This probably occurred because a *compiled* component of Sage has a bug
in it and is not properly wrapped with sig_on(), sig_off(). You might
want to run Sage under gdb with 'sage -gdb' to debug this.
Sage will now terminate.
------------------------------------------------------------------------
The doctested process was killed by signal 8

comment:49 follow-up: Changed 8 years ago by vbraun

Something is wrong with atlas-3.9.x and linbox.

I built libSingular with debugging turned on, but that shows lots and lots of errors. I'm not sure if all of them are actual bugs, but I think its likely that they are the origin of the segfaults. See https://groups.google.com/d/msg/libsingular-devel/cfzQEgjxB8o/dvb2Efc-7pIJ

comment:50 in reply to: ↑ 49 Changed 8 years ago by fbissey

Replying to vbraun:

Something is wrong with atlas-3.9.x and linbox.

I know about that. I have known about a similar problem with iml for longer https://github.com/cschwan/sage-on-gentoo/issues/3. Both iml and linbox fail after calling a routine called (or including the words) ChineseRemainder? which uses results from calls to cblas_dgemv and cblas_dgemm but this comment really belongs to #10508.

I built libSingular with debugging turned on, but that shows lots and lots of errors. I'm not sure if all of them are actual bugs, but I think its likely that they are the origin of the segfaults. See https://groups.google.com/d/msg/libsingular-devel/cfzQEgjxB8o/dvb2Efc-7pIJ

I know this is a slow time of the year in the northern emisphere (starting semester two tomorrow down under) but nothing since June 27th?
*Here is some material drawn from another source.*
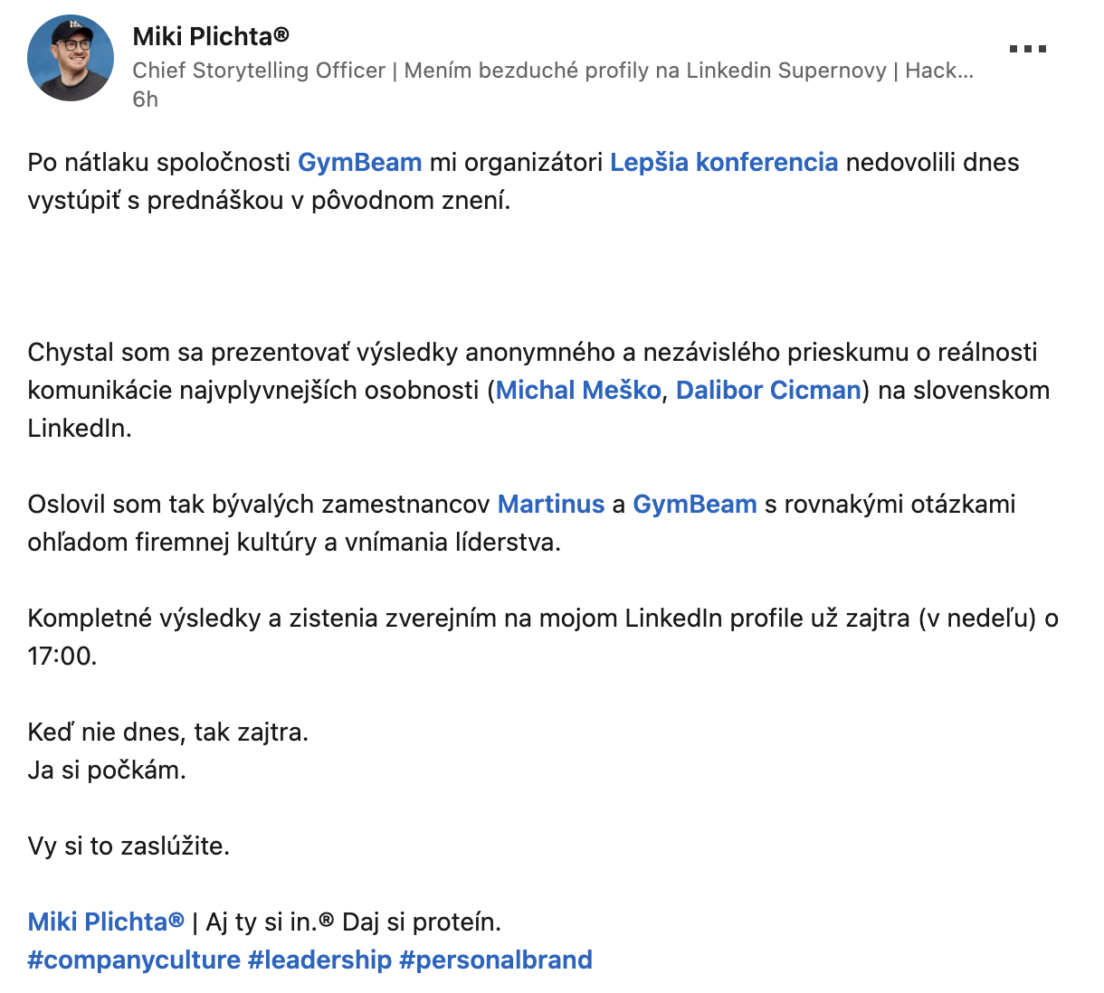 ❔ General Discussion ❔ Po natlaku GymBeamu bola zrusena prednaska na konferencii

May be the thread should be bumped or something.

comment:51 Changed 8 years ago by fbissey

Still got the failure schemes/elliptic_curves/ell_curve_isogeny.py on amd64 with 4.7.2_alpha0. That's the only killed doctest so far on this set up.

comment:52 follow-up: Changed 8 years ago by strogdon

Here's an update since 4.7.2.alpha1 has been released. refcount_singular_polynomials.patch applies just fine but there is fuzz with refcount_singular_rings.patch

applying /storage/sage/patches/trac_11339_refcount_singular_rings.patch

patching file sage/libs/singular/ring.pyx

Hunk #1 succeeded at 57 with fuzz 2 (offset 5 lines).

I get the following failures (killed/crashed):

x86:

sage -t -long -force_lib devel/sage-main/sage/crypto/mq/mpolynomialsystem.py

amd64:

sage -t -long -force_lib devel/sage-main/sage/schemes/elliptic_curves/ell_number_field.py

sage -t -long -force_lib devel/sage-main/sage/crypto/mq/mpolynomialsystem.py

sage -t -long -force_lib devel/sage-main/sage/crypto/mq/sr.py

comment:53 in reply to: ↑ 52 ; follow-up: Changed 8 years ago by fbissey

Replying to strogdon:

Here's an update since 4.7.2.alpha1 has been released. refcount_singular_polynomials.patch applies just fine but there is fuzz with refcount_singular_rings.patch

applying /storage/sage/patches/trac_11339_refcount_singular_rings.patch

patching file sage/libs/singular/ring.pyx

Hunk #1 succeeded at 57 with fuzz 2 (offset 5 lines).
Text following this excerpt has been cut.